EXERCISE BRIEF | Look below for the line containing "Σετ σεντόνια της" and the line containing "采用工業(yè)高亮度彩色液", then set down both and every line between them exactly, without pictures.

EXTRACTED ENTRIES |
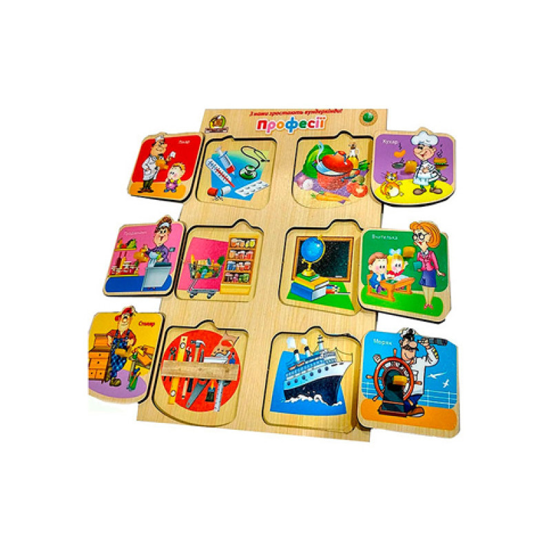Дерев'яна іграшка Рамка-вкладиш Професії - навчить дитину розрізняти розміри, за допомогою цієї іграшки батьки з малюком можуть виконати цілу серію завдань на розвиток дрібної моторики пам'яті та уваги.
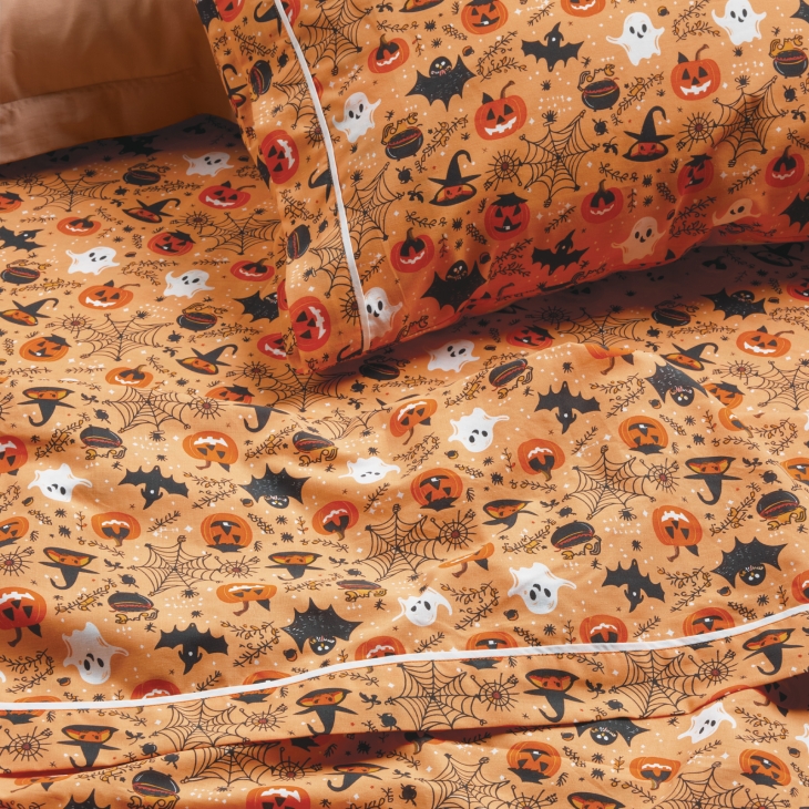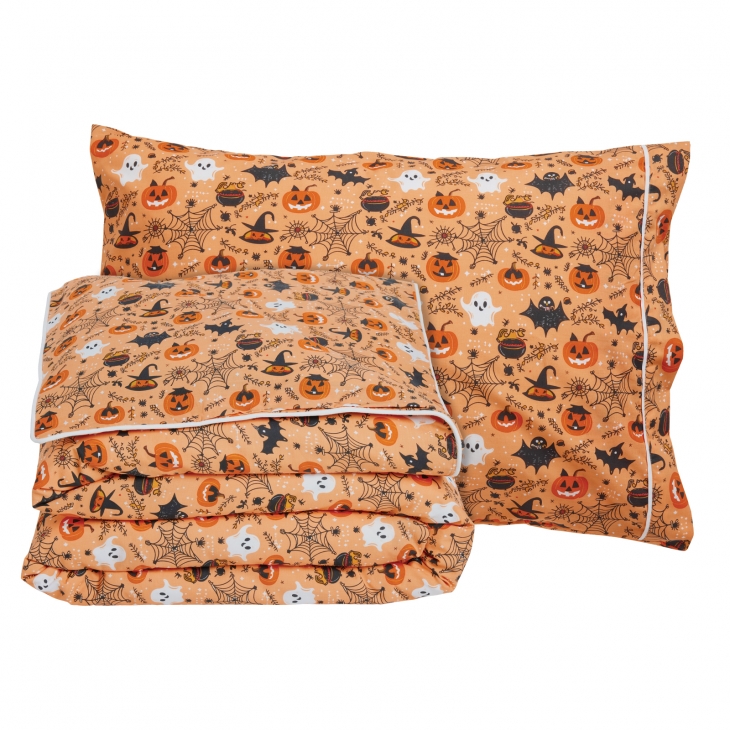 Σετ σεντόνια της σειράς Kid, σε σχέδιο Halloween. Είναι από 70% υποαλλεργικό βαμβάκι και 30% πολυεστέρα με πυκνότητα ύφανσης 150 TC, απαλό στην αφή & ανθεκτικό στη χρήση. Το σετ περιλαμβάνει ένα πανωσέντονο 170Χ260εκ, ένα κατωσέντονο 170X260εκ και μία μαξιλαροθήκη 50x70εκ. Das home...makes your house a home!
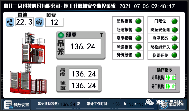 采用工業(yè)高亮度彩色液晶顯示器,10寸超大顯示界面,支持實時記錄重量、高度、風(fēng)速、限位等數(shù)據(jù),并提供預(yù)警、報警信息,實現(xiàn)升降機的全方位保護。
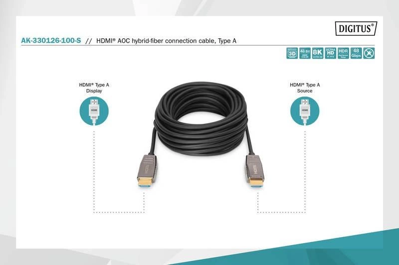 Ten aktywny hybrydowy kabel światłowodowy HDMI AOC jest idealny do przesyłania nieskompresowanego obrazu i dźwięku z dużą przepustowością na większe odległości. Hybrydowa struktura składająca się z przewodów miedzianych i światłowodowych eliminuje zakłócenia elektromagnetyczne, zapewniając bezstratną transmisję na całej długości kabla, z rozdzielczością UHD do 8K/60 Hz i przepustowością do 48 Gb/s. Ze względu na zastosowanie przewodów optycznych (włókna szklanego) średnica kabla jest niewielka i charakteryzuje się bardzo małymi promieniami gięcia i niską masą własną. Idealny do użytku w domu, salach konferencyjnych i w budynkach. Łatwa instalacja za pomocą funkcji Plug and Play. Obsługuje liczne standardy, takie jak HDMI 2.1, HDCP 2.2 lub HDR. Obszar audio obsługuje formaty ARC, DTS-HD Master Audio lub Dolby TrueHD, a także posiada wiele innych funkcji. Wykorzystanie najnowocześniejszej technologii chipowej umożliwia przesyłanie pełnego zakresu sygnału HDMI i obsługę CED, EDID z bardzo niskim opóźnieniem i bez kompresji.
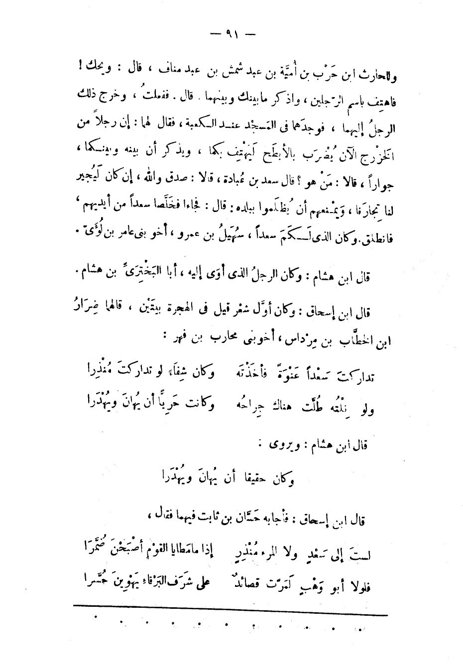 وللحارث ابن حرب بن أميّة بن عبد شمش بْنِ عَبْدِ مَنَافٍ، قَالَ: وَيْحَك! فَاهْتِفْ بِاسْمِ الرّجُلَيْنِ، وَاذْكُرْ مَا بَيْنَك وَبَيْنَهُمَا. قَالَ. فَفَعَلْت، وَخَرَجَ ذَلِك الرّجُلُ إلَيْهِمَا، فَوَجَدَهُمَا فِي الْمَسْجِدِ عِنْدَ الْكَعْبَةِ، فَقَالَ لَهُمَا: إنّ رَجُلًا مِنْ الخزرج الآن يضرب بالأبطح ليهتف بِكُمَا، وَيَذْكُرُ أَنّ بَيْنَهُ وَبَيْنَكُمَا، جِوَارًا، قَالَا: من هُوَ؟ قَالَ سَعْدُ بْنُ عُبَادَةَ، قَالَا: صَدَقَ وَاَللهِ، إنْ كَانَ لَيُجِيرُ لَنَا تِجَارَنَا، وَيَمْنَعُهُمْ أن يظلموا ببلده: قال: فجاآ فَخَلّصَا سَعْدًا مِنْ أَيْدِيهِمْ، فَانْطَلَقَ. وَكَانَ الّذِي لكم سعدا، سهيل بْنُ عَمْرٍو، أَخُو بَنِي عَامِرِ بْنِ لُؤَيّ.

TASK RESULT |
 Σετ σεντόνια της σειράς Kid, σε σχέδιο Halloween. Είναι από 70% υποαλλεργικό βαμβάκι και 30% πολυεστέρα με πυκνότητα ύφανσης 150 TC, απαλό στην αφή & ανθεκτικό στη χρήση. Το σετ περιλαμβάνει ένα πανωσέντονο 170Χ260εκ, ένα κατωσέντονο 170X260εκ και μία μαξιλαροθήκη 50x70εκ. Das home...makes your house a home!
 采用工業(yè)高亮度彩色液晶顯示器,10寸超大顯示界面,支持實時記錄重量、高度、風(fēng)速、限位等數(shù)據(jù),并提供預(yù)警、報警信息,實現(xiàn)升降機的全方位保護。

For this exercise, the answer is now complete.